Wie kurz vor 7 das Commando der Gens d'Armes da war, fragte er mich: ›Ob es Zeit wäre?‹ Wie ich solches mit Ja beantwortet, nahm er Abschied von mir, gieng hinaus, und das Commando nahm ihn in die Mitte; der eine Prediger ging zur Rechten, der andre zur Linken, und beteten und sprachen ihm immer vor. Er gieng ganz frey und munter, den Hut unter dem Arm, nicht gezwungen noch affektirt, sondern ganz naturell weg.

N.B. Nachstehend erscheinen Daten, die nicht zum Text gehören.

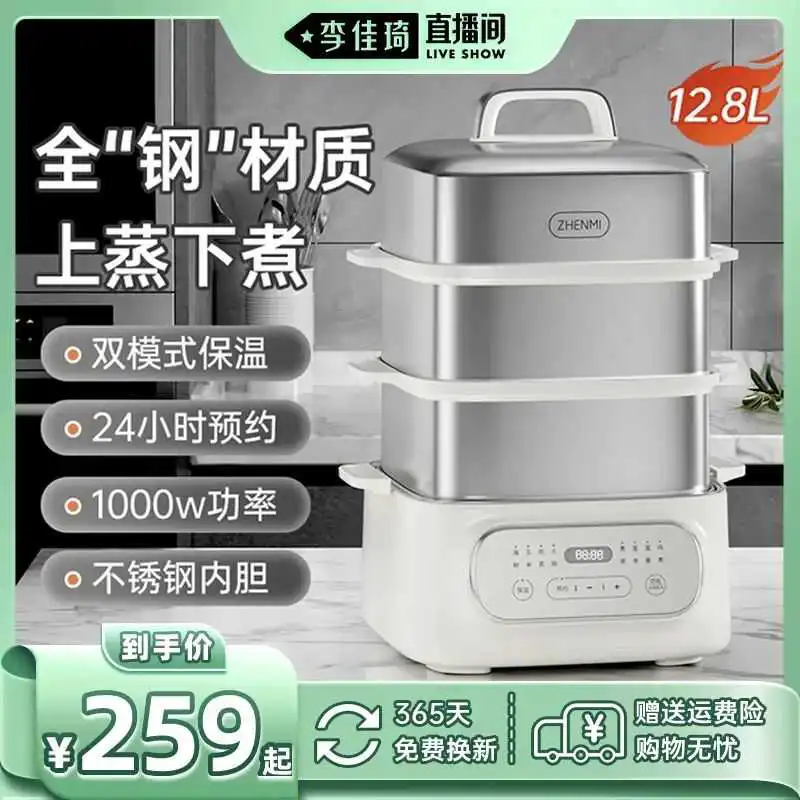【李佳琦直播间】臻米不锈钢电蒸锅多功能家用多层大容量蒸煮锅
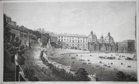 Veduta tratta da ' Voyage pittoresque en Italie. Partie Méridionale et en Sicile. ' Illustrations de MM. Rouargues Fréres. ' Paris, Morizot, s.a. Imprimerie Gratiot ' di Paul de Musset. Si tratta di una deliziosa e dotta guida attraverso le città ed i borghi del Centro Sud d'Italia, che contiene 23 incisioni dei fratelli Rouargue. Il viaggio di Paul in Italia durò quasi un anno. Partito nel dicembre del 1842, tornò nell’autunno dell’anno successivo: a Marsiglia s’imbarcò sulla nave Pharamond che lo portò a Genova, dove soggiornò circa un mese. Da Genova, il bastimento toscano Leopoldo lo condusse a Napoli, dove si trattenne tre mesi, facendo diverse gite nella regione. L’8 aprile si imbarcò sulla nave Mongibello in direzione di Messina, per un giro della Sicilia di circa sei settimane. Tornato a Napoli, andò in diligenza per lo Stato Pontificio fino a Roma, dove rimase quaranta giorni. Poi fu la volta di Firenze, Bologna, Ferrara, Padova, Venezia. Incantato dalla città così cara al fratello avrebbe desiderato trattenervisi a lungo ma, mancandogli il denaro, fu costretto a proseguire per Milano. Dopo una visita al lago di Como, prese la via del ritorno passando per il San Gottardo, Basilea e Strasburgo. Questo fu l’itinerario, secondo il resoconto che ne viene fatto nella prima versione, pubblicata nel 1845 col titolo ' Course en voiturin (Italie et Sicile). Negli anni 1855-1856 uscì un’altra versione molto estesa dello stesso viaggio: due grossi volumi di più di cinquecento pagine ciascuno, intitolati ' Voyage pittoresque en Italie. Partie septentrionale, e Voyage pittoresque en Italie (Partie méridionale) et en Sicile. Incisione in rame, in ottimo stato di conservazione. View taken from ' Voyage pittoresque en Italie. ' Partie Méridionale et en Sicile. ' Illustrations de MM. Rouargues Fréres. Paris, Morizot, s.a. Imprimerie Gratiot ' by Paul de Musset. This is a delightful and scholarly guide through the towns and villages of central southern Italy, containing 23 engravings by the Rouargue brothers. In the years 1855-1856 another very extensive version of the same voyage was published: two large volumes of more than five hundred pages each, entitled ' Voyage pittoresque en Italie. ' Partie septentrionale, and Voyage pittoresque en Italie (Partie méridionale) et en Sicile. Copperplate, in excellent condition. Cfr.

Er war ein Paar hundert Schritte längs dem Wall geführet, und waren die Zugänge des Walls militairisch besetzt, so daß wenig Menschen oben waren. Im Kreise ward ihm nochmals die Sentenz vorgelesen, ich kann aber hoch versichern, daß ich vor Betrübniß nichts gehöret habe, und wußt' auch nicht drey Worte zusammen zu bringen. Bei Vorlesung der Sentenz stund er ganz frey; wie solches vorbey, fragte er nach den Offiziers von den Gens d'Armes, gieng ihnen entgegen und nahm Abschied. Hernach ward er eingesegnet. Darauf gab er die Peruque an meinen Kerl, der ihm eine Mütze darreichte, ließ sich den Rock ausziehen und die Halsbinde aufmachen, riß sich selbst das Hemd herunter, ganz frey und munter, als wenn er sich sonsten zu einer serieusen Affaire präpariren sollen, gieng hin, knieete auf den Sand nieder, rückte sich die Mütze in die Augen und fing laut selbst an zu beten: ›Herr Jesu! Dir leb' ich‹ usw. Weil er aber meinem Kerl gesagt, er sollt' ihm die Augen verbinden, sich aber hernach resolviret, die Mütze in die Augen zu ziehen, so wollte der Kerl, der schrecklich consterniret, ihm immer noch die Augen verbinden, bis von Katt ihm mit der Hand winkte und den Kopf schüttelte.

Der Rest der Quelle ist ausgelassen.